In-universe information
- Alias: Wantowin Battles
- Species: Human
- Gender: Male
- Title: Captain-General
- Occupation: Bodyguard to Princess Ozma and Police Force of the Emerald City
- Spouse: Unnamed wife with terrible temper Tollydiggle (possibly a mistake)
- Nationality: Munchkin (questionable)

= Soldier with the Green Whiskers =

The Soldier with the Green Whiskers is a character from the fictional Land of Oz who appears in the classic children's series of Oz books by American author L. Frank Baum and his successors. He is introduced in The Wonderful Wizard of Oz (1900). His name is Omby Amby, but this was so obliquely stated that he also became known briefly as Wantowin Battles.

==Classic Oz books==
In The Wonderful Wizard of Oz, the Soldier with the Green Whiskers (real name not yet revealed) is the head guard of the Royal Army of Oz. His job is to protect the Emerald City and its residents.
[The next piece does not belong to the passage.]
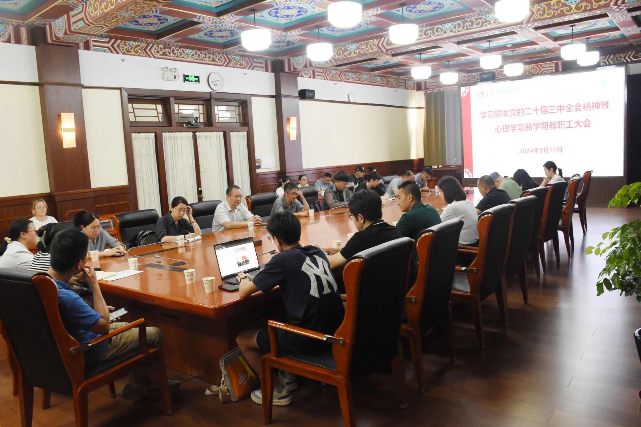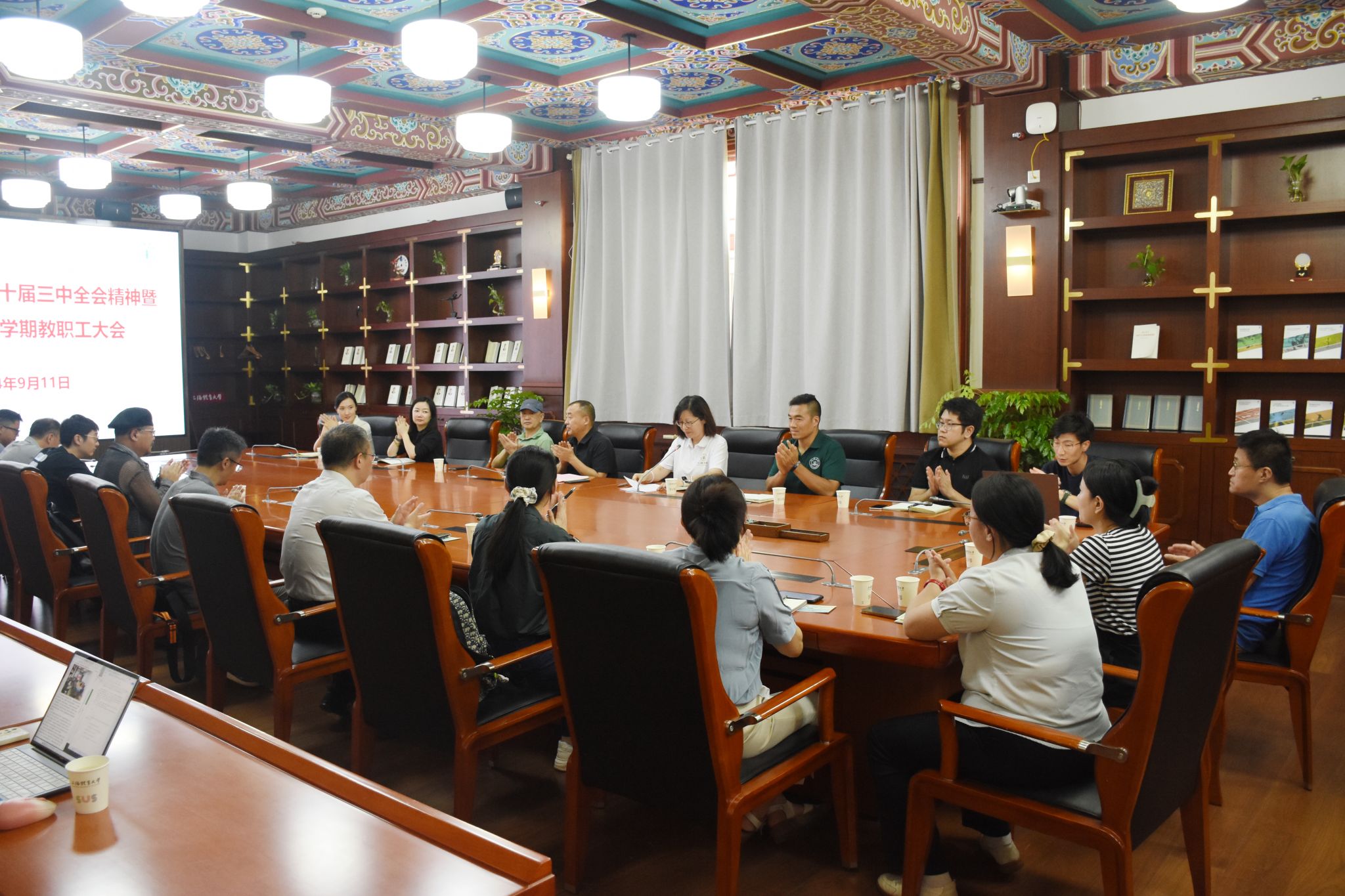 9月11日,BB贝博艾弗森在绿瓦大楼第四会议室召开学习贯彻党的二十届三中全会精神暨BB贝博艾弗森新学期教职工大会。公司党委副书记、副董事长王继红,BB贝博艾弗森领导班子及全体教职工出席大会。大会由心理公司党总支书记梅朵主持。

He gladly escorts the four main protagonists Dorothy, the Scarecrow, Tin Woodman and Cowardly Lion through the streets of the Emerald City upon their first visit. He leads them all to the royal palace of the Wizard of Oz, where he forces them to wipe their feet upon a plush green carpet before entering. When he blows upon his green whistle, a pretty maid dressed in green silk named Jellia Jamb appears to show the four guests to their private rooms while staying in Oz's palace.

The Soldier with the Green Whiskers appears to be the tallest citizen in the city, and is often described as being "very tall" with a very thick and long green beard that flows nearly to the ground. After the Wizard's departure from Oz, he leaves the Scarecrow to rule the city in his stead. The Soldier with the Green Whiskers is the one who tells the King Scarecrow that Glinda the Good Witch might know of a way for Dorothy to get back to her homeland in Kansas. The four protagonists take his advice and travel to the land of the southern Quadlings to seek its ruler.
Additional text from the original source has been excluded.